Legalizing same-sex marriage would probably help prolong gay relationships, if only because of the financial and legal benefits married couples enjoy. Federal benefits are unavailable to lesbian and gay couples even in Massachusetts, the only state that allows those couples to obtain marriage licenses. Kurdek says in a 1998 Journal of Marriage and the Family paper that even though gay and lesbian relationships end more often than straight marriages, they don't degrade any faster. In other words, it takes squabbling gay and straight couples the same amount of time to enter what is known as "the cascade toward divorce." But straight couples more often find a way to stop the cascade. For gays, breaking up usually means simply moving out, not hiring divorce attorneys.
Today Michael and I are friends. On Christmas Eve, we gathered a group, and I made an enthusiastic attempt at the traditional Italian seven-fishes feast. I'm in better shape now than I was in high school, which fits with psychologist Bella DePaulo's finding (in her fascinating 2006 book on single life, Singled Out) that the period around divorce is associated with improvements in health.
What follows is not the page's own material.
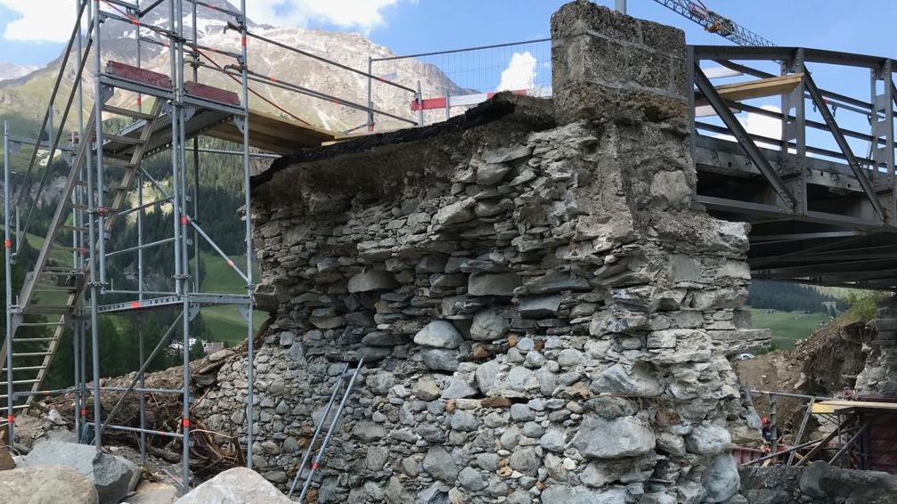 Oberhalb des Dorfes Splügen wurde die Brücke, welche über den Hüscherabach führt, stark beschädigt und für den gesamten Verkehr unpassierbar. Beide Brückenwiderlager wurden unterspült sowie auf der einen ...

Divorced men are also, not surprisingly, happier than men stuck in bad marriages.
And yet if ours had been a straight marriage, I have little doubt we would still be together. We had financial security and supportive families. We almost certainly would have had children. This isn't regret--fighting my homosexuality would be like shouting against the rain. But while the researchers are certainly right that straight couples have something to learn from gay couples, I think the inverse is true as well.